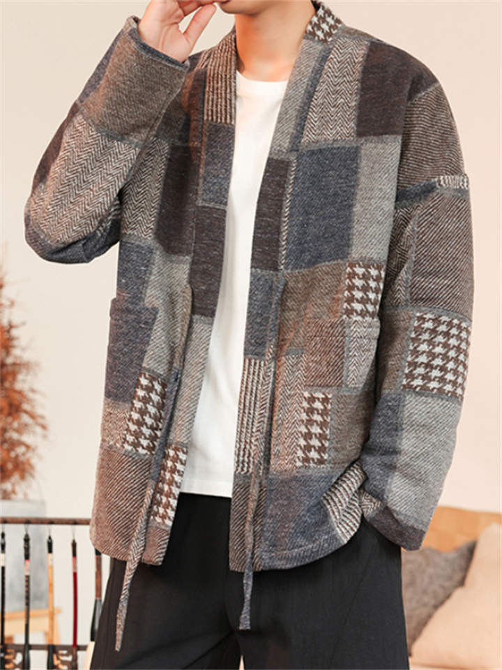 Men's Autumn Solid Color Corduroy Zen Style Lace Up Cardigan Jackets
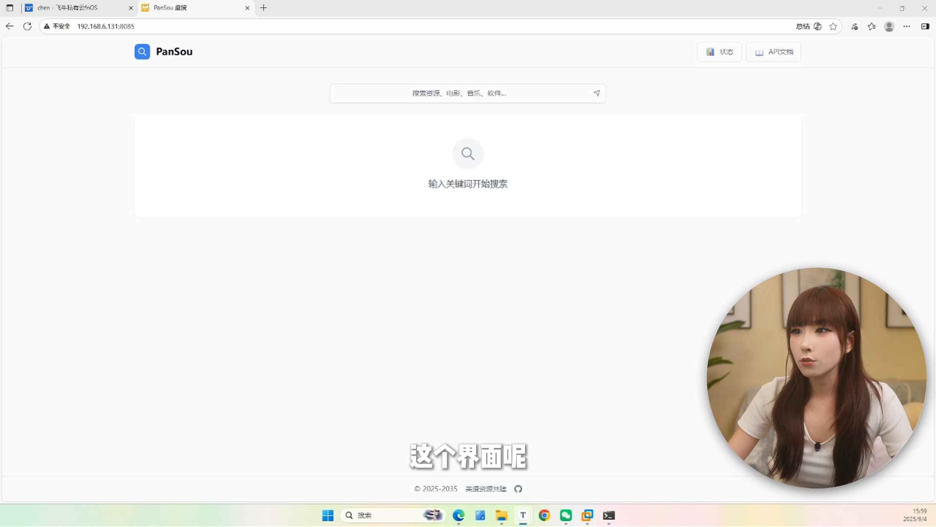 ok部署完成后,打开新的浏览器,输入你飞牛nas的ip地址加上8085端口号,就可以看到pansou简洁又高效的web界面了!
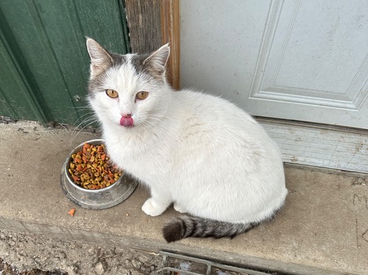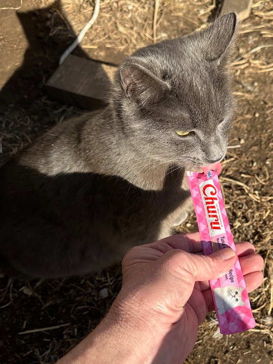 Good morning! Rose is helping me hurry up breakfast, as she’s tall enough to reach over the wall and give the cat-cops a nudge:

---

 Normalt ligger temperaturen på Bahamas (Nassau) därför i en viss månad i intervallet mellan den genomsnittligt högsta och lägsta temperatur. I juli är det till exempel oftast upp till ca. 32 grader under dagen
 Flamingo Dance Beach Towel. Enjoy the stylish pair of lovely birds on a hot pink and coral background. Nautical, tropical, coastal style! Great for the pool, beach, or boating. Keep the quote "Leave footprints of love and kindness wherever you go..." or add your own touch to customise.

--

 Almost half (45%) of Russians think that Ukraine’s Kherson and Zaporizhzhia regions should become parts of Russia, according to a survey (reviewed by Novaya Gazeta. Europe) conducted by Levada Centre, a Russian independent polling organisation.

• **EXERCISE INSTRUCTIONS**
The stretch to restate runs from the line above containing "Men's Autumn Solid" through the line containing "Good morning! Rose". Copy it word for word, ends included, without pictures.

• **REPLY**
 Men's Autumn Solid Color Corduroy Zen Style Lace Up Cardigan Jackets
 ok部署完成后,打开新的浏览器,输入你飞牛nas的ip地址加上8085端口号,就可以看到pansou简洁又高效的web界面了!
 Good morning! Rose is helping me hurry up breakfast, as she’s tall enough to reach over the wall and give the cat-cops a nudge:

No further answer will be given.